##### Listed entries

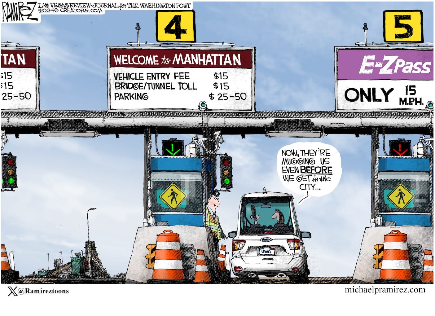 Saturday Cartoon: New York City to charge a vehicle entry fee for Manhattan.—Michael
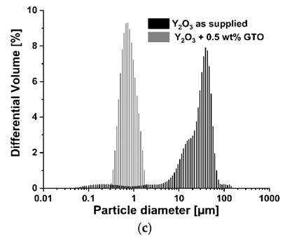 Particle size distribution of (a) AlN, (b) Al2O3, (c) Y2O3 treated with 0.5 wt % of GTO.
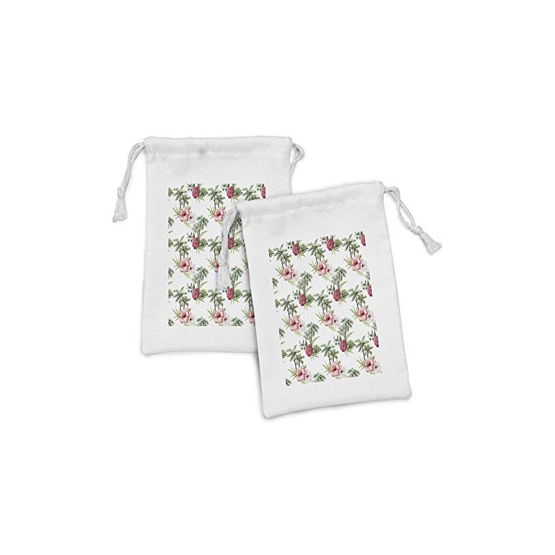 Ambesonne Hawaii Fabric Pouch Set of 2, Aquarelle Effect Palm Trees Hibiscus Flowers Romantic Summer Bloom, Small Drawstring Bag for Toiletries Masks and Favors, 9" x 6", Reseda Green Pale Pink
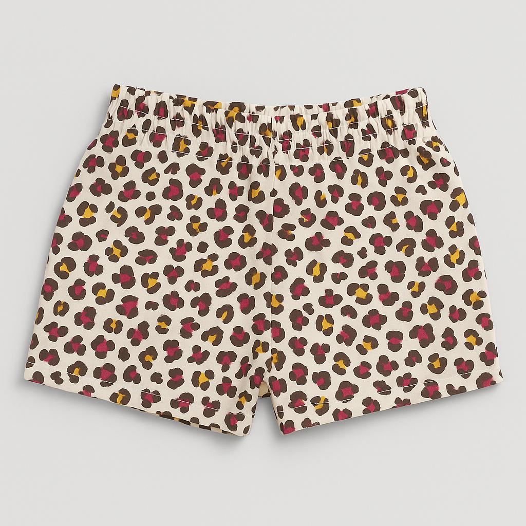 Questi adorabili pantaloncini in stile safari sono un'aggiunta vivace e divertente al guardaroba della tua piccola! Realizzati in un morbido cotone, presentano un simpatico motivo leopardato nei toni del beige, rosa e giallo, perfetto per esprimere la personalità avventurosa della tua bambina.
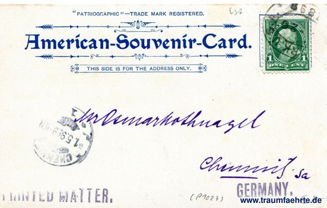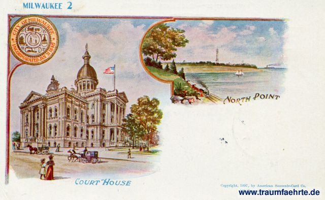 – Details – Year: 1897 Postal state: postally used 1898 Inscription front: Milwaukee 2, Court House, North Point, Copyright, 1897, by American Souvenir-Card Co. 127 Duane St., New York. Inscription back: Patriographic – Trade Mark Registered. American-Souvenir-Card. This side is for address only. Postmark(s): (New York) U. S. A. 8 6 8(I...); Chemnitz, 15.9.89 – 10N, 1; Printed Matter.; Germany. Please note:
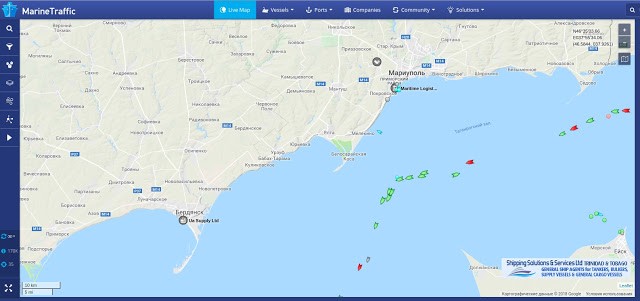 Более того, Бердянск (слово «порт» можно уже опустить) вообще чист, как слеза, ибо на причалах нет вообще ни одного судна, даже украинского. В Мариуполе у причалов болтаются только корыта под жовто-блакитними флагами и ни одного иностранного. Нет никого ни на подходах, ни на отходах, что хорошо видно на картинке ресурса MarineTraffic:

##########
##### Listed entries

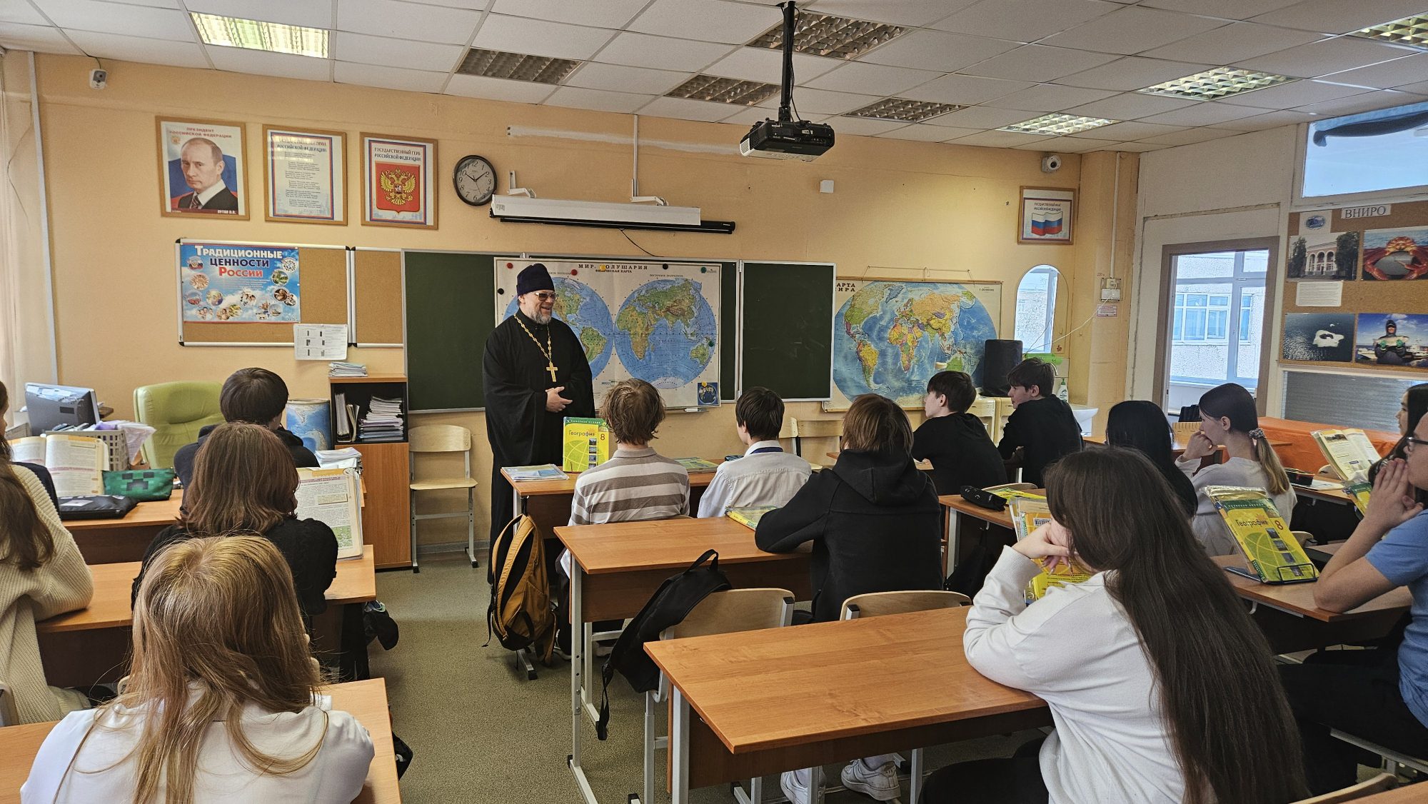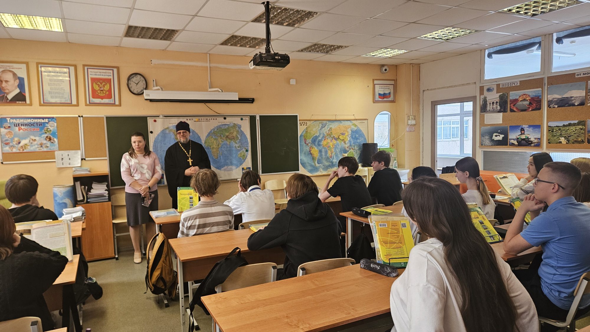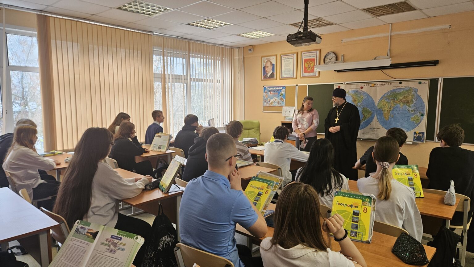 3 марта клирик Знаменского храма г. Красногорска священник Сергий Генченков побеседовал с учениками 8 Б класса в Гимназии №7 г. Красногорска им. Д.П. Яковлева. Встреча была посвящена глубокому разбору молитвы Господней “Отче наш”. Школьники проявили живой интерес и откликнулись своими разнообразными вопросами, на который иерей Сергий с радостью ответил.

##########
##### Listed entries

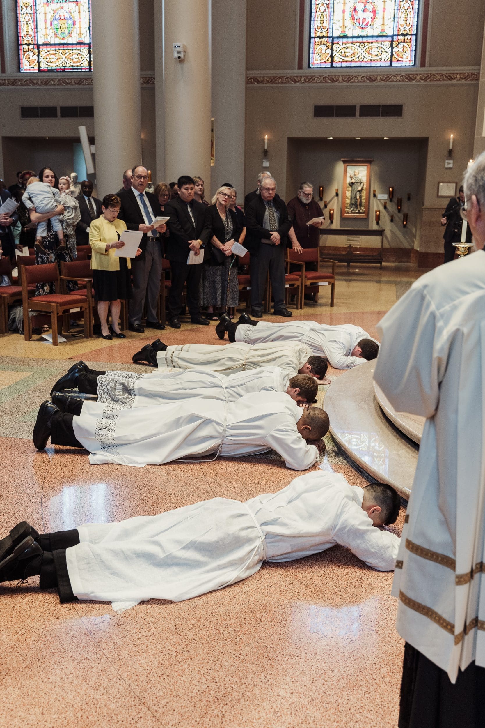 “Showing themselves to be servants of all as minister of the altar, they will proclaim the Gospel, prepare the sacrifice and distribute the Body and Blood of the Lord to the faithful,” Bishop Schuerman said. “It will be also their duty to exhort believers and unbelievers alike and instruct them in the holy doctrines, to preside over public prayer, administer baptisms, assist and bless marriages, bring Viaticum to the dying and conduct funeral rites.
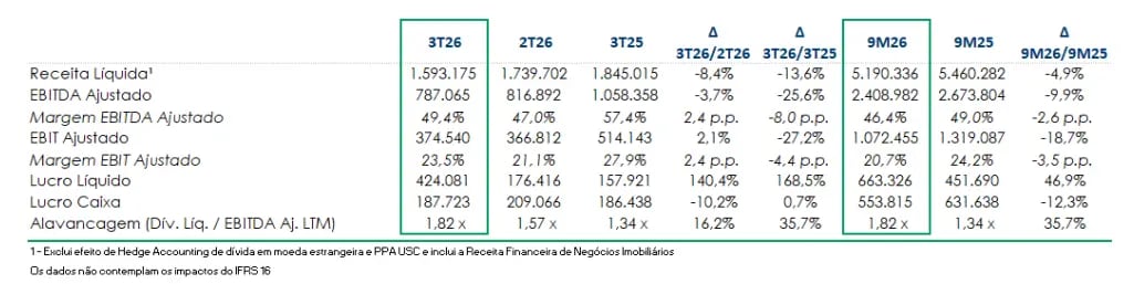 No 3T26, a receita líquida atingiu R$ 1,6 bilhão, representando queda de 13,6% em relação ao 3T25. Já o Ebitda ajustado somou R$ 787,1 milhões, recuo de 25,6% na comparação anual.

##########

Work to be completed —
With the pictures omitted, print the lines above exactly, beginning at the line with "Saturday Cartoon: New" and going on through the line with "Более того, Бердянск".

Expected answer —
 Saturday Cartoon: New York City to charge a vehicle entry fee for Manhattan.—Michael
 Particle size distribution of (a) AlN, (b) Al2O3, (c) Y2O3 treated with 0.5 wt % of GTO.
 Ambesonne Hawaii Fabric Pouch Set of 2, Aquarelle Effect Palm Trees Hibiscus Flowers Romantic Summer Bloom, Small Drawstring Bag for Toiletries Masks and Favors, 9" x 6", Reseda Green Pale Pink
 Questi adorabili pantaloncini in stile safari sono un'aggiunta vivace e divertente al guardaroba della tua piccola! Realizzati in un morbido cotone, presentano un simpatico motivo leopardato nei toni del beige, rosa e giallo, perfetto per esprimere la personalità avventurosa della tua bambina.
 – Details – Year: 1897 Postal state: postally used 1898 Inscription front: Milwaukee 2, Court House, North Point, Copyright, 1897, by American Souvenir-Card Co. 127 Duane St., New York. Inscription back: Patriographic – Trade Mark Registered. American-Souvenir-Card. This side is for address only. Postmark(s): (New York) U. S. A. 8 6 8(I...); Chemnitz, 15.9.89 – 10N, 1; Printed Matter.; Germany. Please note:
 Более того, Бердянск (слово «порт» можно уже опустить) вообще чист, как слеза, ибо на причалах нет вообще ни одного судна, даже украинского. В Мариуполе у причалов болтаются только корыта под жовто-блакитними флагами и ни одного иностранного. Нет никого ни на подходах, ни на отходах, что хорошо видно на картинке ресурса MarineTraffic:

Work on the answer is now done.